The first news to discuss is the proposed merger between Eaton Vance Tax-Managed Buy-Write Strategy Fund (NYSE:EXD) and Eaton Vance Tax-Managed Buy-Write Opportunities Fund (ETV).

From the press release:

November 09, 2022 04:05 PM Eastern Standard Time. BOSTON–(BUSINESS WIRE)–The Boards of Trustees of Eaton Vance Tax-Managed Buy-Write Strategy Fund (EXD) (the Acquired Fund) and Eaton Vance Tax-Managed Buy-Write Opportunities Fund (ETV) (the Acquiring Fund) have approved a proposal for the Acquired Fund to merge with and into the Acquiring Fund.

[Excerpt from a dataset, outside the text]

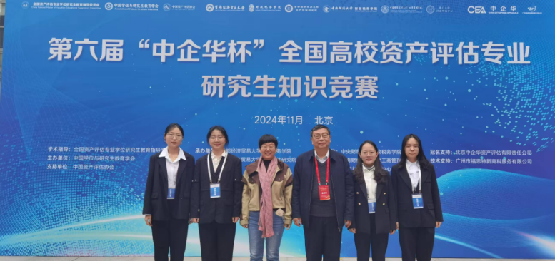 全国高校资产评估专业研究生知识竞赛是由全国资产评估专业学位研究生教育指导委员会指导,中国学位与研究生教育学会主办,本次比赛由首都经济贸易大学财政税务学院、首都经济贸易大学资产评估研究院承办,中央财经大学财政税务学院、中南财经政法大学工商管理学院、厦门大学评估研究中心协办,北京中企华资产评估有限责任公司冠名支持。本届知识竞赛主题为“资产评估赋能新质生产力提升”,来自全国28所高校的资产评估专业硕士研究生参加了竞赛。竞赛设一等奖1名,二等奖2名,三等奖3名,优秀奖若干。色色 代表队由陈艳副教授带队,资产评估专业硕士研究生姜薇、杨晓、张一丹、朱益冰四位同学组成。竞赛分为初赛、复赛和决赛,包括统一笔试、案例分析和现场知识竞赛等多个环节,经过多轮比拼,色色 代表队最终喜获三等奖。

The proposed merger is subject to approval by Acquired Fund shareholders at a Special Meeting of Shareholders scheduled for Thursday, February 2, 2023. A proxy statement/prospectus containing information about the meeting and the proposed merger will be mailed to the Acquired Fund’s shareholders of record as of November 21, 2022. No action is needed by shareholders of the Acquiring Fund. Each Fund is a diversified closed-end management investment company sponsored and managed by Eaton Vance Management. Each Fund is listed on the New York Stock Exchange.

The Acquired Fund has the same investment objectives and substantially the same investment policies and restrictions as the Acquiring Fund. Additional information regarding the proposed merger will be contained in the proxy statement/prospectus.

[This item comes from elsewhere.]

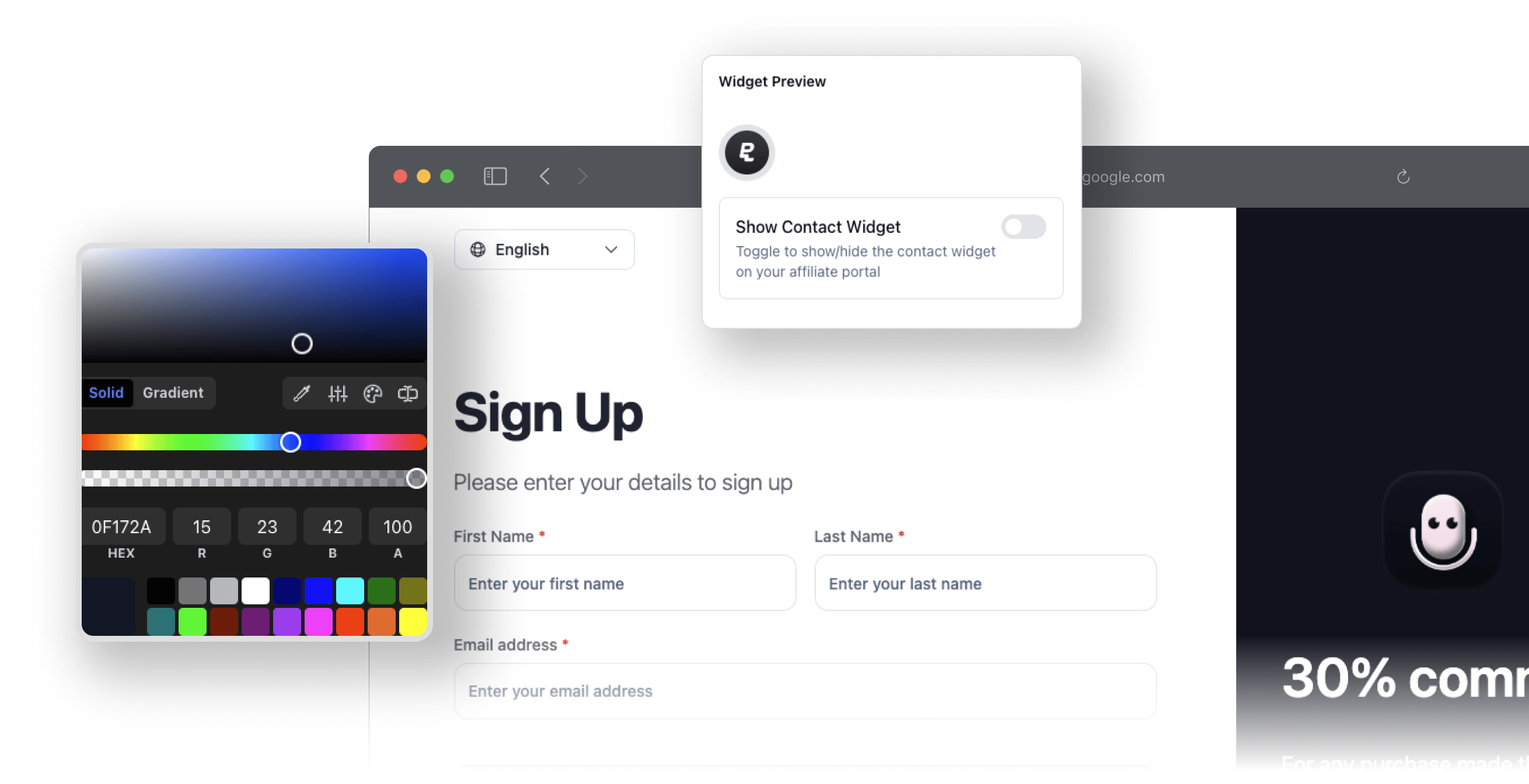 Add a referral widget to your website to automatically give your users a link to share your product and earn commissions.
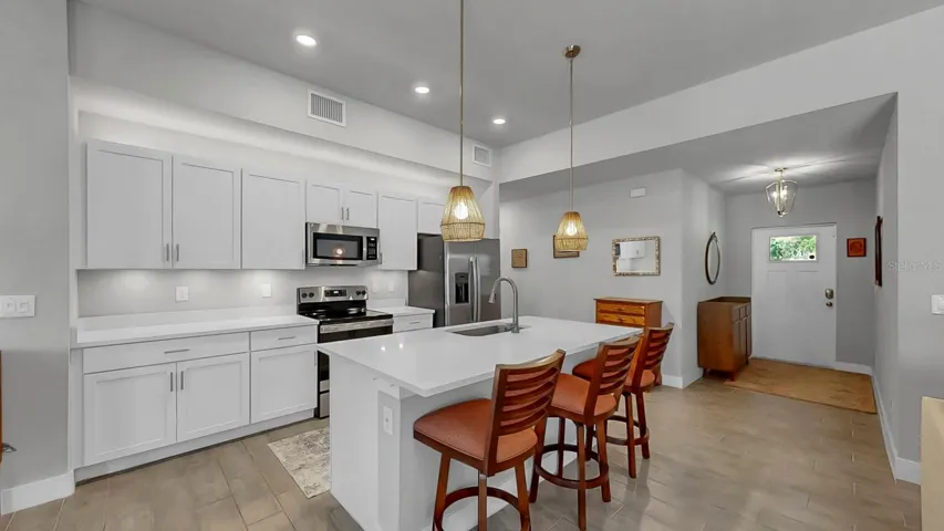 The kitchen is a chef’s delight, featuring white cabinetry, quartz countertops, stainless steel appliances, and a large center island with seating—perfect for casual dining or entertaining. Just off the kitchen, you’ll find an interior laundry room with easy access to the garage. The garage offers built-in ceiling shelving and pull-down attic stairs for additional storage.

The merger is currently expected to be completed in the first or second quarter of 2023, subject to required shareholder approvals and the satisfaction of applicable regulatory requirements and customary closing conditions.

If the merger is approved, each Acquired Fund shareholder will be issued common shares of the Acquiring Fund at an exchange ratio based on the Funds’ respective net asset values per share. Following the merger, the Acquiring Fund will continue to be managed in accordance with its existing investment objectives and strategies.

In this proposal, ETV, the larger of the two funds at $1.36 billion in assets, will be acquiring EXD, which is much smaller at only $91.3 million in assets. The merger was approved by the boards of both EXD and ETV, and require the approval of EXD’s shareholders (but not ETV’s shareholders). The special meeting of EXD shareholders will be held on February 2, 2023, based on holders of record on November 21, 2022.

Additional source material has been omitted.